Na zona de entrevistas rápidas, Sérgio Conceição começou por dizer que explicar a derrota seria “uma conversa longa”, mas apressou-se a deixar críticas à arbitragem. “Temos de olhar para o que não conseguimos fazer: entrar no último terço, o último remate, a definição. São situações que trabalhamos para evoluir a equipa, mas o jogo é mais do que isso. Chegou-se aqui a um momento… Os jogadores sentem-se muito prejudicados e a verdade é que isso cria nervosismo. Toda a semana foi muito difícil, o ambiente dentro e fora”, começou por dizer.
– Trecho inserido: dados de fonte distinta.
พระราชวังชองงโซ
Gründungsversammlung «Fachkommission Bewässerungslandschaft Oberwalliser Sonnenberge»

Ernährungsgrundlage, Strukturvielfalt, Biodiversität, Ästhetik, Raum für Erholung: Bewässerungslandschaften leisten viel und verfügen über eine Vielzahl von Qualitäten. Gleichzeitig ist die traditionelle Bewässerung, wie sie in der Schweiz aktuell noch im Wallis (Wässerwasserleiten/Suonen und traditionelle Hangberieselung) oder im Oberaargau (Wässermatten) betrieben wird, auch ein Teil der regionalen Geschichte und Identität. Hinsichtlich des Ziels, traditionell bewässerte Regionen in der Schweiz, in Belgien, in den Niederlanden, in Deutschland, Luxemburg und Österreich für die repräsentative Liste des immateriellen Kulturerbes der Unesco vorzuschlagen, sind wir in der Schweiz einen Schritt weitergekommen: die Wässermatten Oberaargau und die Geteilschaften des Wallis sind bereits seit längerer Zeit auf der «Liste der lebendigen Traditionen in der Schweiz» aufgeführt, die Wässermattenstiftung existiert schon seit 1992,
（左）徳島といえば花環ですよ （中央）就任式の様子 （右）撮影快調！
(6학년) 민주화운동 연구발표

“O lance do Galeno é o mesmo empurrão que origina a falta do golo do V. Guimarães. Não sei por que é que fora de área se marca e dentro não. Estas situações começam a enervar, mesmo que não devam. Não estou a dizer que é só culpa disso, temos de fazer mais. Somos uma equipa que provoca o adversário. Hoje sofremos 23 faltas, fizemos seis e temos dois cartões amarelos e um vermelho. Há muita coisa difícil de gerir numa equipa jovem e menos jovem, como o caso do Pepe, onde saímos todos prejudicados. Temos todos de olhar internamente para o que temos de fazer, para sermos uma equipa à nossa imagem e não de reações, de nervosismos, de situações que não nos levam a nada positivo”, acrescentou.
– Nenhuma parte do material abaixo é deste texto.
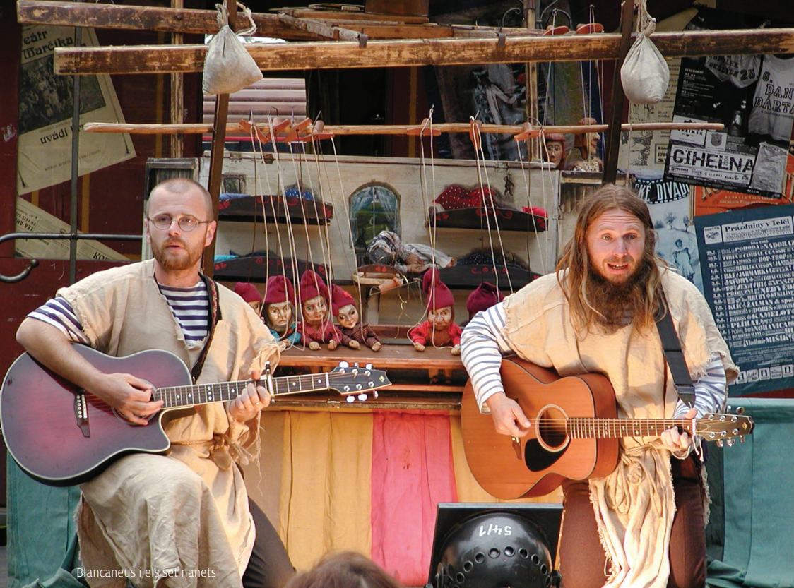
Blancaneus i els set nanets
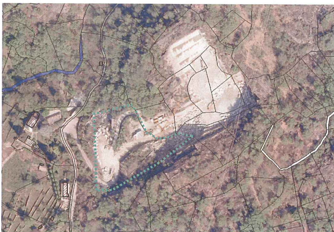
Illustrazione 6: foto aerea
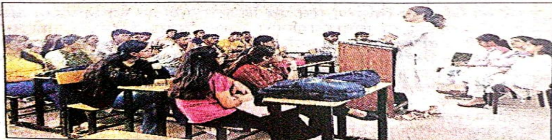
कार्यक्रम में उपस्थित विद्यार्थी।
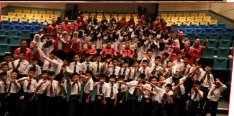
20/9/2019: Lawatan Guru & Pelajar SK Abang Leman, Kabong ke Wisma Adenan Yayasan Sarawak.
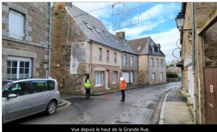
Vue depuis le haut de la Grande Rue.

Coordonnées WGS84 : X: -1.29507343 / Y: 48.61907960

Por fim, Sérgio Conceição explicou que entrar a perder foi “um reflexo do que se tem passado”. “Não é fácil, num grupo de jovens. Olhei para o que foi o dérbi, o tal dérbi eterno, e vi uma equipa a perder [Benfica]. Havia a possibilidade de nos aproximarmos e fica difícil com tudo o que se passou hoje. É só isso que tenho a dizer”, terminou.

Já Nico González, que foi titular, reconheceu que a primeira “não saiu bem” ao FC Porto. “Eles marcaram nos dois primeiros remates que fizeram e isso custou-nos muito. Tivemos oportunidades para recuperar, para empatar ou mesmo para poder ganhar, mas eles resistiram. Temos de procurar ganhar cada jogo até ao final, sabemos que podemos ganhar a qualquer rival. Nos últimos dois jogos da Liga penso que não estivemos à altura, temos de dar mais para ganhar os últimos jogos. Estou convencido de que o podemos fazer”, explicou o médio espanhol.